Уже на следующий день после отгремевшего выпускного директор школы Николай Павлович Смирнов вручил Фёдору Абрамову аттестат зрелости, где по всем семнадцати предметам и поведению стояла оценка «отлично». Вместе с аттестатом вручили «Похвальную грамоту № 1», на которой было начертано: «За отличные успехи и примерное поведение». Это был особый, как бы теперь сказали, «красный» аттестат, открывающий дорогу для поступления в любое учебное заведение без экзаменов. На нём так и было написано:
«На основании постановления Совета народных комиссаров СССР и Центрального Комитета ВКП(б) от 3/IX 1935 г. Абрамов Фёдор Александрович пользуется правом поступления в высшую школу без вступительных экзаменов».
Гордый, с аттестатом об окончании средней школы на руках, вернулся Федя Абрамов в родительский дом. Можно только представить, как он торжествовал, показывая матери и тётушке Иринье документ, как восторженно делился своими впечатлениями от поездки в Архангельск, куда его отправили как лучшего ученика и где он первый раз в своей жизни был в настоящем театре и смотрел «Евгения Онегина»…
Быстро, словно один день, в делах и заботах пролетело последнее, в общем-то ещё школьное, но уже рубежное веркольское лето Феди Абрамова. Старался успеть везде – покосить сено, похлопотать на огороде, помочь в домашних делах матери и брату, что жил под крышей родительского дома, поиграть с его годовалой дочкой Галиной и, конечно же, поговорить «по душам» с тётушкой Ириньей в её малой прокшинской избёнке.
Портрет Пушкина, нарисованный Фёдором Абрамовым в 1937 году в школьной тетради. Публикуется впервые
Аттестат Фёдора Абрамова, выданный после окончания Карпогорской средней школы. 1938 г. Публикуется впервые
Но и погулять после танцев в деревенском клубе до поздних петухов, коротая лёгкие сумерки белых ночей, со своими сверстниками Фёдор был весьма не прочь.
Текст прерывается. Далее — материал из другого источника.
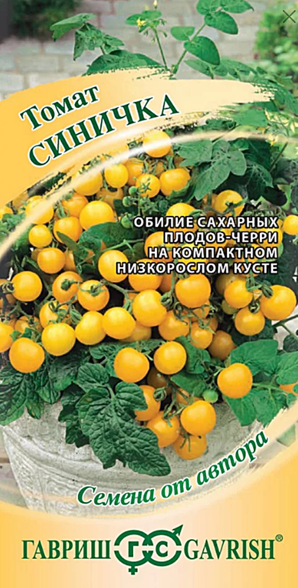 Очень ранний (от всходов до плодоношения 85–95 дней) сорт для выращивания в горшечной культуре дома и уплотненных посадок в открытом грунте. Растение детерминантное, штамбовое, с простыми кистями, высотой до 40см. Плоды вишневидные, желтые, массой 15–20г, с медовым вкусом и сильным томатным ароматом. Прекрасное угощенье, как в свежем, так и в маринованном виде. Миниатюрный растение, усыпано плодами — замечательное украшение для кухонного интерьера, особенно в сочетании с красноплодными вишневидными сортами (Томат Снегирек). При выращивании в комнатных условиях семена на рассаду высевают в начале февраля, на открытом балконе и в открытом грунте — в первой половине марта. Пикировку производят в фазе первого настоящего листа. Высадку рассады в открытый грунт — в середине мая – начале июня. Схема посадки в открытом грунте: 30х30см. Семена сохраняют всхожесть на протяжении 10 лет при оптимальных условиях хранения. Рекомендуется увеличить норму высева по истечении срока годности. Похожие товары

Юношеская пора – время первой влюблённости, такой, что ещё похожа на тесную дружбу, но уже с оттенком привязанности и искренней чувственности. Не обошла она стороной и Фёдора Абрамова. С именем Нины Гурьевой, одной из учениц Карпогорской школы, и связано то самое первое чувство абрамовской любви к женщине.
Нина была одной из трёх сестёр Гурьевых: Мария (в 1942 году она умрёт от туберкулёза, и об этой трагедии Фёдор Абрамов узнает из фронтового письма брата Василия, от 4 января 1943 года) и Тамара были одноклассницами Фёдора. Нина Гурьева была на год младше, симпатия между ними зародилась, когда Фёдор ещё учился в девятом классе.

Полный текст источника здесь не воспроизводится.